On Tue, 17 Feb 2004 19:51:49 -0500, Shawn Pearce <spearce@REDACTED> 
wrote:

> Also due to the effects of the relatively small i-cache on some 
> processors, a well written emulator can in fact run faster than
> native code on very big applications.  If the application has very
> poor cache locatily in its instruction stream (randomly jumping to
> different functions) the i-cache can have a hard time keeping up.
> But if you move all of the code into the much larger d-cache (as
> in the case of an emulator) you can make the emulator fly
> as a much higher percentage of the application can be stored in the 
> d-cache.

Some work has been done on improving these aspects of BEAM, partly
due to Thomas Lindgren's work on low-level profiling of AXD 301
code, compiled with HiPE, JAM and BEAM. Björn G. took some of
Thomas's findings to heart and improved the cache hit ratio.

> Now this is easily worked around by using tools to reorder your native 
> code functions in the huge application such that they occur in execution 
> order.  I've seen this easily give a 40% performance boost (or more!)
> on x86 processors.  If you do this, you should easily beat the
> emulator.  :-)

I'm sure, but I've had reason to look at some low-level profiling
of large applications written in Rational RoseRT, with a mix of
generated and hand-written C++. Lots of pipeline stalls and cache
misses

>
>> >You end up filling up the memory too quickly and soon start 
>> deterioating
>> >performance.
>>
>> I don't think so - if you take a server with 1 GB RAM, the process vs.
>> thread overhead will cut the number of processes you can serve from tens
>> of billions to billions (under the worst-case assumption that threads
>> don't use any local data on their own).
>> As soon as every thread allocates a KByte of memory, the memory overhead
>> diminishes to a factor of two, and it decreases further as each thread
>> uses more memory.
>> But even in the worst case, I suspect that the true bottleneck is the
>> CPU, not RAM.
>
> Its more like RAM bandwidth.  Your CPU is most likely stalling on all of 
> the
> context switches due to the amount of data it must keep swapping on and 
> off
> of the chip core.  Cycling through a bunch of registers ain't cheap.  And
> whacking your pipeline on a very deeply pipelined processor is no walk 
> in the
> park either.  Then take into account the d-cache, i-cache and TLB misses 
> you
> incur on each switch, and things go downhill very fast.
>
> Of course, there are applications (like Mozilla!) that will just consume 
> all
> memory on your machine, and then some, so you better not run multiple 
> copies
> of them at once.  :-)
>
>> The quoted IBM paper gave numbers for a concrete test run: a server with
>> 9 GB of RAM and eight 700-MHz processors had a near-100% CPU usage, but
>> just 36% memory usage (when serving 623 pages per second).
>> More interesting is that server performance increased by a factor of
>> six (!).

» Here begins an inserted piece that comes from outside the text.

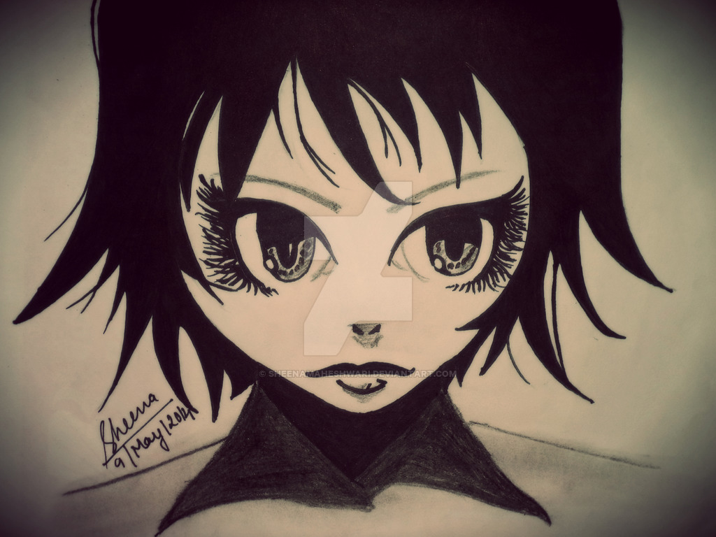 Description: A drawing of a girl with black hair and big eyes with a black collared shirt on and a black collared shirt on.

Given that Yaws performance was ahead of Apache by a factor of
>> roughly 2.5 (at least on the benchmarks posted by Joe), it would be very
>> interesting to see how much Yaws profits from the new Linux kernel.
>
> Well, given that erts is bound to a single processor, you would need to
> create a cluster of erts nodes, all running yaws, with some type of load
> balancing front end.  This is one area Apache really shines in, as it
> easily allows this to be setup: because Apache is multi-process already, 
> it
> can easily share the single TCP server socket with all of its siblings 
> and
> decide who gets the next request.
>
> Does anyone think it might be possible to modify gen_tcp in such a way 
> that
> we could use multiple nodes on the same system all bound to the same TCP 
> port,
> and using some sort of accept lock between them?  I'd think this could 
> be done
> something like this:
>
> 	% Setup a server socket, but let it be shared by this Erlang node and 
> all
> 	% other process on this box.
> 	gen_tcp:accept(... [shared])
>
> 	% Have this node take over accepting all new connections.  This just 
> pokes
> 	% the socket into the erts event loop.
> 	gen_tcp:enable_accept(Port)
>
> 	% Have this node stop accepting new connections.  This just removes the
> 	% socket from the erts event loop.
> 	gen_tcp:disable_accept(Port)
>
> It might be necessary however (for performance reasons) to let the low 
> level
> C driver also perform its own accept lock using a sys-v IPC sem, flock, 
> fcntl,
> etc, on top of the Erlang managed enable and disable.    If the socket is
> enabled, then the driver should attempt to grab the accept lock, and only
> when it wins it it puts it into the erts event loop.  Clearly this might
> be difficult as the driver cannot block while trying to grab the accept 
> lock.
>
> Note that Linux doesn't require the accept lock I believe... I think its
> accept only returns the socket to one process.  But I'm not positive.
>

-- 
Ulf Wiger, Senior System Architect
EAB/UPD/S

This communication is confidential and intended solely for the addressee(s). Any unauthorized review, use, disclosure or distribution is prohibited. If you believe this message has been sent to you in error, please notify the sender by replying to this transmission and delete the message without disclosing it. Thank you.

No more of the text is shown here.